The National Institutes of Health’s Brain Research through Advancing Innovative Neurotechnologies (BRAIN) Initiative will finish 2018 with its largest round of grant funding ever, giving $220 million to more than 200 research awards, and bringing this year’s total to more than $400 million, according to an announcement from the agency.

The BRAIN Initiative began in 2013 with the objective of revolutionizing our understanding of the human brain by accelerating the development and application of innovative technologies that will allow researchers to show how individual cells and complex neural circuits interact in both time and space and thereby seek new ways to treat, cure, and prevent brain disorders.

In the current round of funding that was authorized by Congress through the regular appropriations process and the 21st Century Cures Act, new projects include the creation of a wireless optical tomography cap for scanning human brain activity; the development of a noninvasive brain-computer interface system for improving the lives of paralysis patients; and the testing of noninvasive brain stimulation devices for treating schizophrenia, attention deficit disorders, and other brain diseases; the development of self-growing biological electrodes for recording brain activity; and the creation of an indestructible hydrogel system to help map neural circuits, according to the announcement.


Not all of the research involves technological advancement.
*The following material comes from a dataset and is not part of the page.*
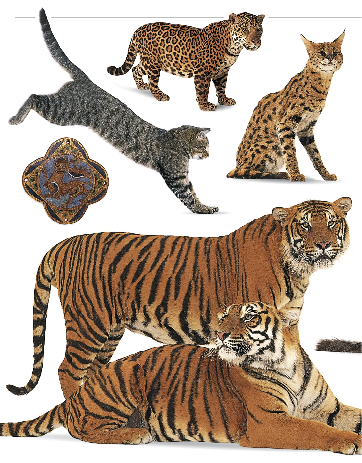 (c) 2011 Dorling Kindersley. All Rights Reserved. Jaguar Serval Plaque showing a crowned lion, Limoges, Tabby cat 12th century Tigers
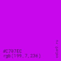 Цвет #C707EC в цветовой модели RGB обозначается тремя октетами (199, 7, 236) в десятичном формате и #C707EC в шестнадцатиричном (hex) формате, которые являются интенсивностью красного 199 (hex C7), интенсивность зелёного 7 (hex 07) и интенсивность синего 236 (hex EC).

In fact, one line of funding involves neuroethics. For instance, for epilepsy syndromes in the latest round of funding for 2018, researchers aim to explore ethical issues confronting families and clinicians when considering new treatment options for drug-resistant epilepsy in children.

The NIH is also leveraging some of the BRAIN Initiative funding toward finding new, nonaddictive pain treatments as part of the its HEAL (Helping to End Addiction Long-term) Initiative, such as support for research on the fundamental neurobiology of endogenous opioid systems.